Amazon S3 → CSV Files
AI-first ETL from Amazon S3 into CSV Files. Governed entities, incremental sync, typed landing tables.
How Datrise loads Amazon S3 into CSV Files
Datrise syncs Amazon S3's records, events, and configuration objects into CSV Files as one CSV per source entity. Flexible or custom fields land in JSON-encoded strings for nested fields, and timestamps such as created, updated, and status changes are typed as ISO-8601 timestamp columns.
Sync is incremental: Datrise uses writes a fresh, fully-typed CSV per entity each run, so re-runs update only what changed. Optional date-suffixed files for change tracking.
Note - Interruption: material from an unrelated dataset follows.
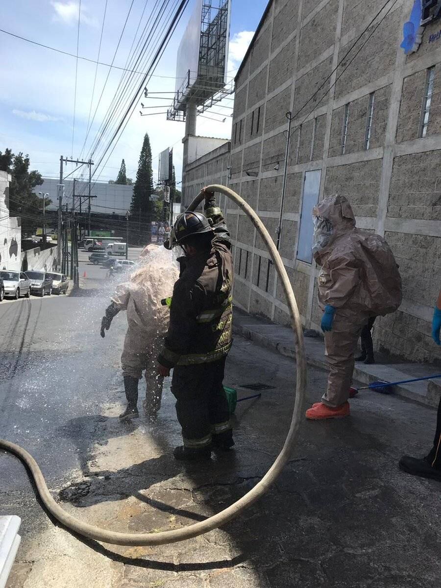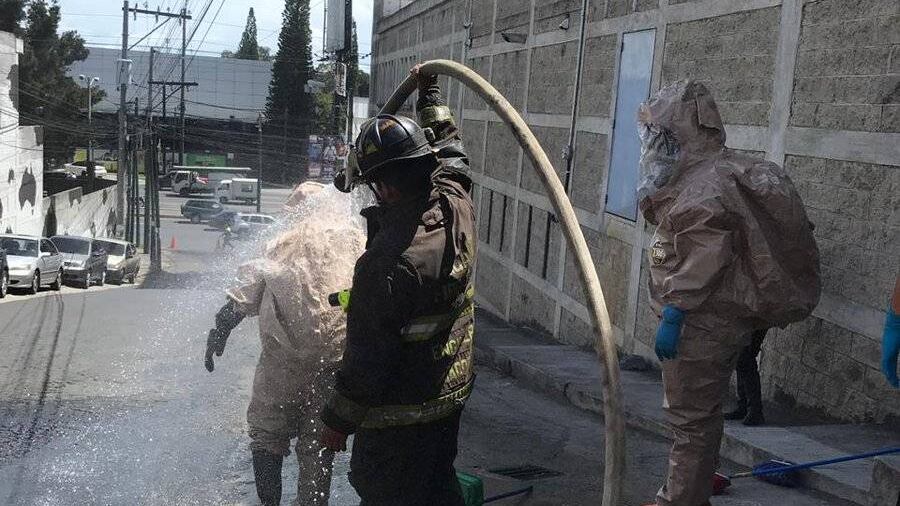 Una fuga de ácido fórmico se registra este lunes en una empresa farmacéutica ubicada en la 13 avenida 0-13 de la zona 2 de Mixco, colonia El Tesoro.

CSV has no types, so Datrise emits a companion schema and quotes/escapes consistently so downstream loaders don't misparse commas and newlines.
Ideal for portable hand-off into any tool that ingests delimited files.
Endpoints
Amazon S3: SaaS or API data source for analytics and warehouse sync.
CSV Files: Flat-file destination for exports and lightweight data sharing.
How Amazon S3 entities map to CSV Files
| Amazon S3 entity | CSV Files object | Notes |
|---|---|---|
| records | s3_records | id PK · custom fields → JSON-encoded strings for nested fields |
| events | s3_events | ISO-8601 timestamp columns events |
| configuration objects | s3_configuration_objects | id PK · linked to s3_records |
FAQ
How does Datrise handle Amazon S3's custom fields in CSV Files?
Flexible values are stored as JSON-encoded strings for nested fields, so new fields don't require a migration; strongly-typed fields — dates, numbers, and references — are promoted to native CSV Files types.
How does the Amazon S3 to CSV Files sync stay up to date?
It runs incrementally — Datrise uses writes a fresh, fully-typed CSV per entity each run.
Related pipelines
More destinations for Amazon S3
Early access
Connect Amazon S3 to CSV Files the easy way
Skip brittle scripts and manual exports. Join the waitlist to get a guided setup, AI-assisted mapping, and reliable incremental sync for this integration.